UWP apps can't connect with dns-crypt

Question

I recently configured my laptop to use dns-crypt using dnscrypt-proxy. The configuration file is as follows

server_names = ['securedns', 'cloudflare', 'cloudflare-ipv6', 'securedns-ipv6', 'scaleway-fr', 'dnscrypt.nl-ns0', 'dnscrypt.nl-ns0-doh', 'dnscrypt.nl-ns0-ipv6' ]
listen_addresses = ['127.0.0.1:53', '[::1]:53']
# Use servers reachable over IPv4
ipv4_servers = true

# Use servers reachable over IPv6 -- Do not enable if you don't have IPv6 connectivity
ipv6_servers = true

# Use servers implementing the DNSCrypt protocol
dnscrypt_servers = true

# Use servers implementing the DNS-over-HTTPS protocol
doh_servers = true


## Require servers defined by remote sources to satisfy specific properties

# Server must support DNS security extensions (DNSSEC)
require_dnssec = true

# Server must not log user queries (declarative)
require_nolog = true

# Server must not enforce its own blacklist (for parental control, ads blocking...)
require_nofilter = true

I configured my WiFi adaptor's DNS configuration so that the IPv4 and IPv6 servers are set to localhost. This works great in 'regular' applications, except UWP apps like the standard Weather and Calendar apps, those can not connect to the internet.

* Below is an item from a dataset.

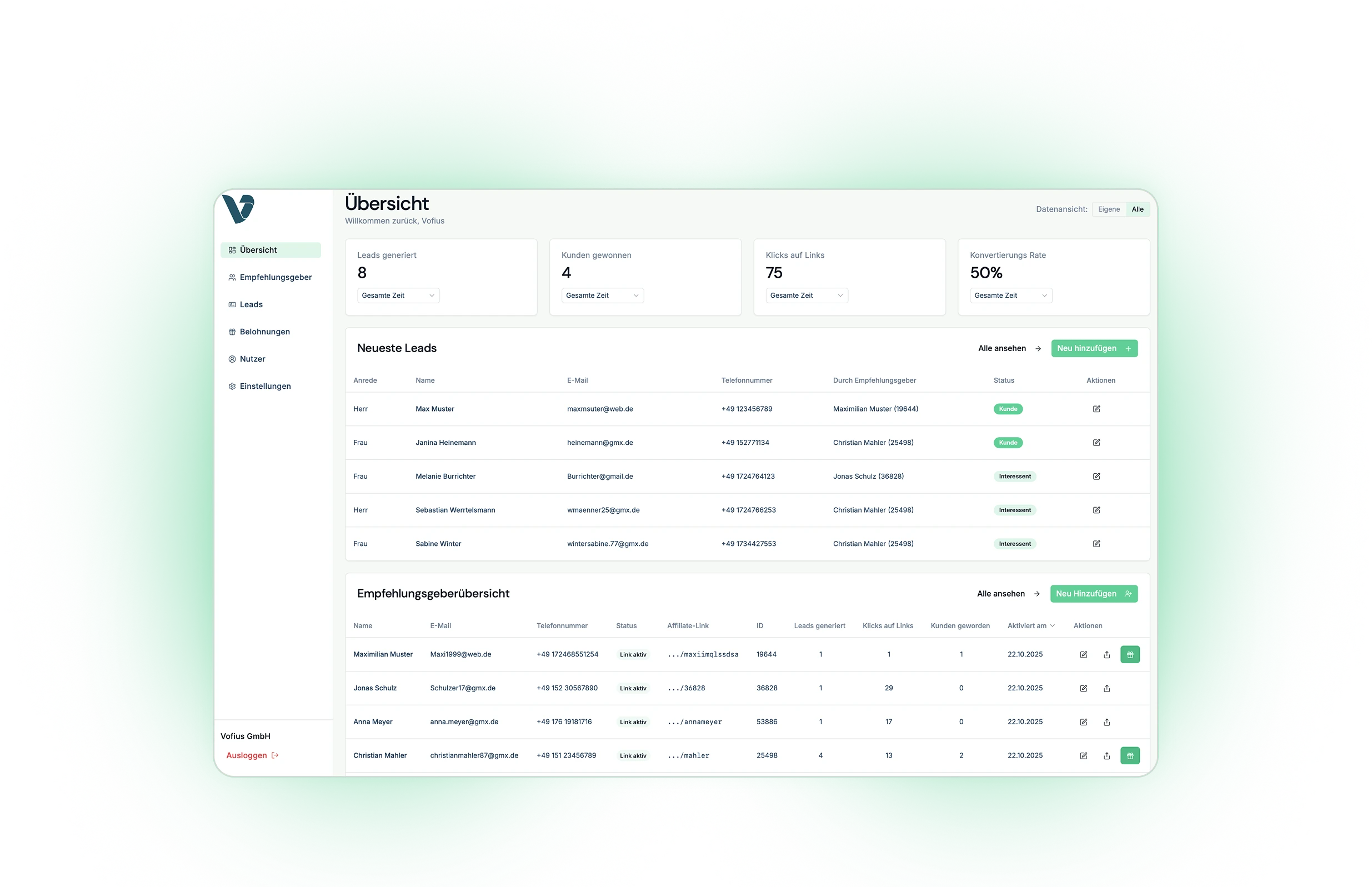 Ein zentrales Dashboard, alle Daten. Sehen Sie jeden Lead, jeden Empfehlungsgeber und jede Auswertung in Echtzeit und treffen Sie datenbasierte Entscheidungen.

If I revert the DNS configuration back to 8.8.8.8/1.1.1.1 then the UWP apps can connect again, changing it back to 127.0.0.1 breaks connectivity again.

Answer 1

As it turns out, UWP apps can not directly connect to localhost (or simply the machine it's running on). Therefore, they also cannot contact the DNS server running at 127.0.0.1 and the lookup fails (reference).

Using the AppContainerLoopback utility to allow localhost access works and UWP apps can now also benefit from DNS-Crypt. An alternative solution would be to run the dnscrypt-proxy on an external device (e.g. a Raspberry-PI).